As a festival Holi has many significances, the most prominent being the end of winter. It is also identified as a festival that celebrates good harvests and fertility. Holi is also a way to enjoy spring’s abundance of colours and to bid adieu to winter, a festival to claim intimacy and end conflicts. Celebrated after the full moon in the month of Phalgun (end-February or mid-March), Holi is associated with different legends in different parts of India.

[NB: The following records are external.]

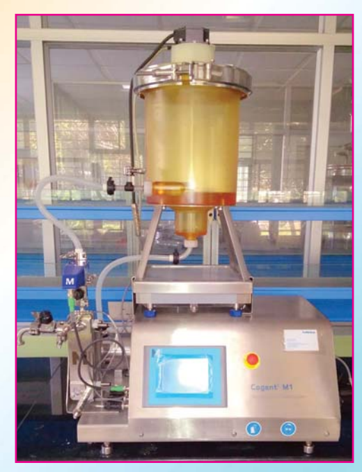
Cogent M1 TFF system

Installation and demonstration of Cogent Micro Scale Tangential Flow Filter (TFF) system, Cogent M1 TFF system, K Prime Chromatography units (Merck) was competed in GBP from 19<sup>th</sup> to 22<sup>nd</sup> Dec 2017. GBP scientific team and along with few students were trained in the utilization of the high end Filtration system and the K-Prime chromatography system. All three systems are ready to be used by in house incubates as well as other users on a pay and use basis.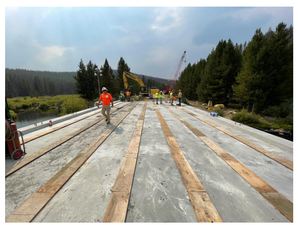
Figure 5: Keyways with top forming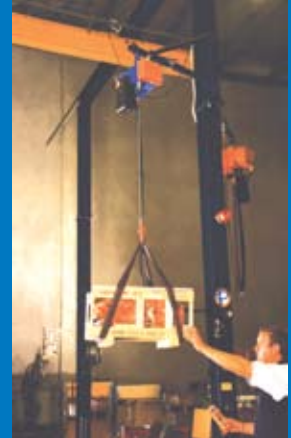
Lift up to 250kgs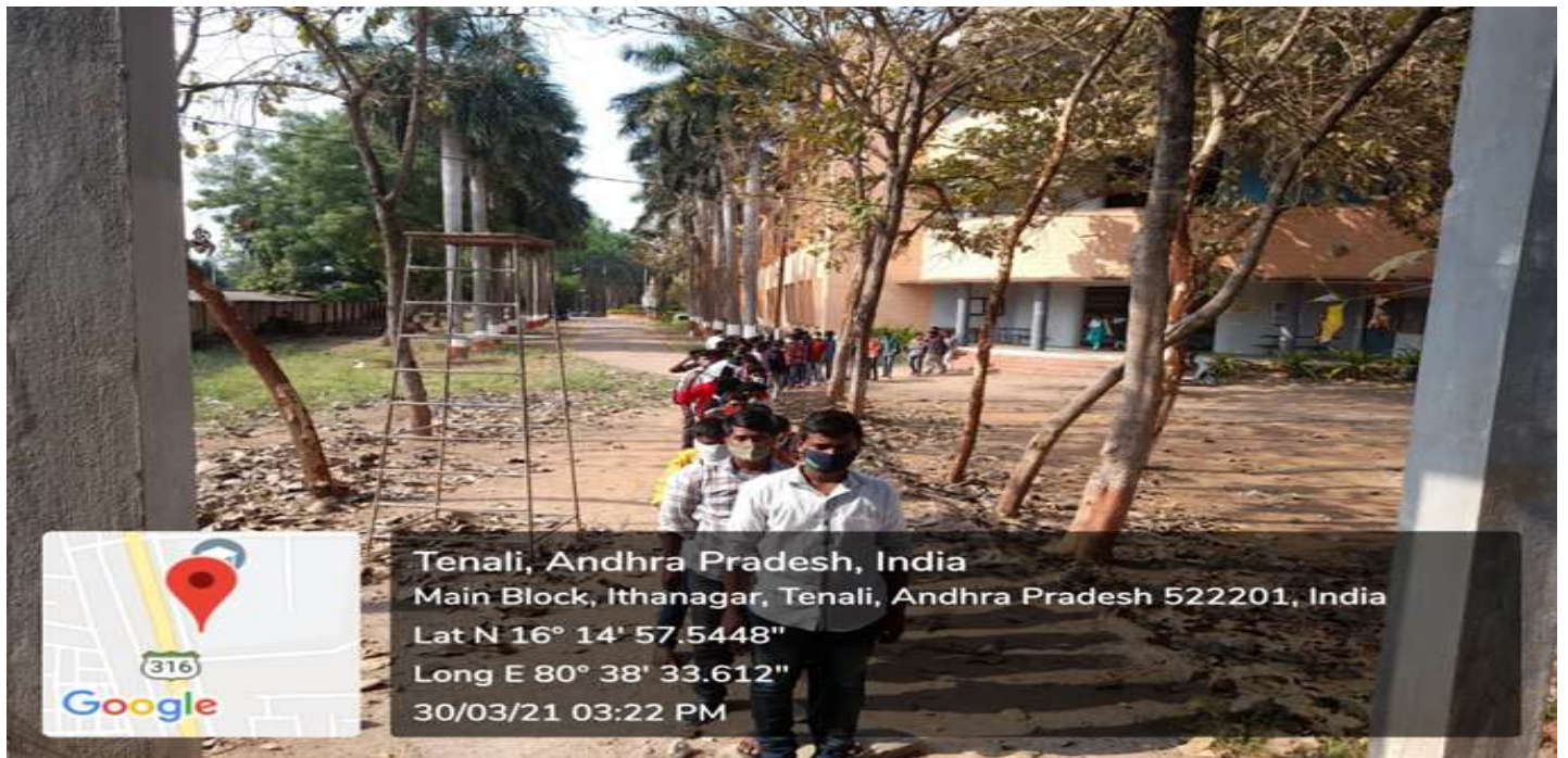
Walking towards the Department of Physical Education and its infrastructure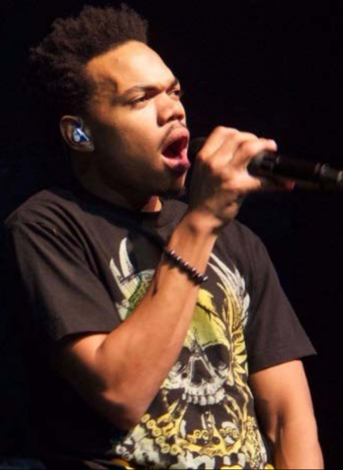
Chance the Rapper performing.

In celebrity lives: Time released its list of this year's most influential people. Names include Julian Assange, Donald Trump, Chance the Rapper and Ashley Graham. The public figures are nominated based on their influence and contributions and are divided into categories, such as Pioneers, Artists, Leaders, Titans and Icons. Time's announcement said "the list includes active opponents" and several people "whose influence is the subject of heated debate." Additionally, "each has champions and critics" and "all are shaping the course of this turbulent year."

Celebrations start the night before Holi, with a Holika Dahan and the next day is celebrated with colour as Rangwali Holi. The myth associated with the festival relates to Vishnu and his bhakt Prahlada.  According to the Bhagavat Purana, King Hiranyakashipu wanted to be immortal and after a long tapasya he was granted a boon by Brahma. He was bestowed five special powers: he could not be killed by a human or an animal, he could not be killed indoors or outdoors, neither in the day nor at night, neither by astra nor by any shastra, and neither on land nor in water or air. These boons made King Hiranyakashipu arrogant and he issued a decree that only he be worshipped as God. His son Prahlad refused to worship his father and continued to worship Lord Vishnu. This angered Hiranyakashipu and he made various attempts to kill Prahlad. During one attempt, he called upon his sister Holika for help. She had a special cloak that protected her from fire. Hiranyakashyapu asked her to sit on a pyre with Prahlad, with the intent of killing him. But as the fire billowed, it burnt Holika and saved Prahlad.


So Holika dahan is symbolic of the victory of good over evil. Hindus believe that fire has the power to purify and cleanse, so it is not surprising that the spring festival begins with Holika Dahan (burning of Holika). The farming communities celebrate this day to mark an end of winter darkness. The next day is celebrated as Rangwali Holi, when people smear each other with colour and visit families and friends to share Holi delicacies.


Holi as a festival has been traditionally observed by the non-Hindus as well, and in recent years it is celebrated in different parts of Europe and America. Holi, a celebration of a season, is a secular festival that transcends narrow boundaries of religion, caste, creed, class and gender. It is a day to celebrate diversity.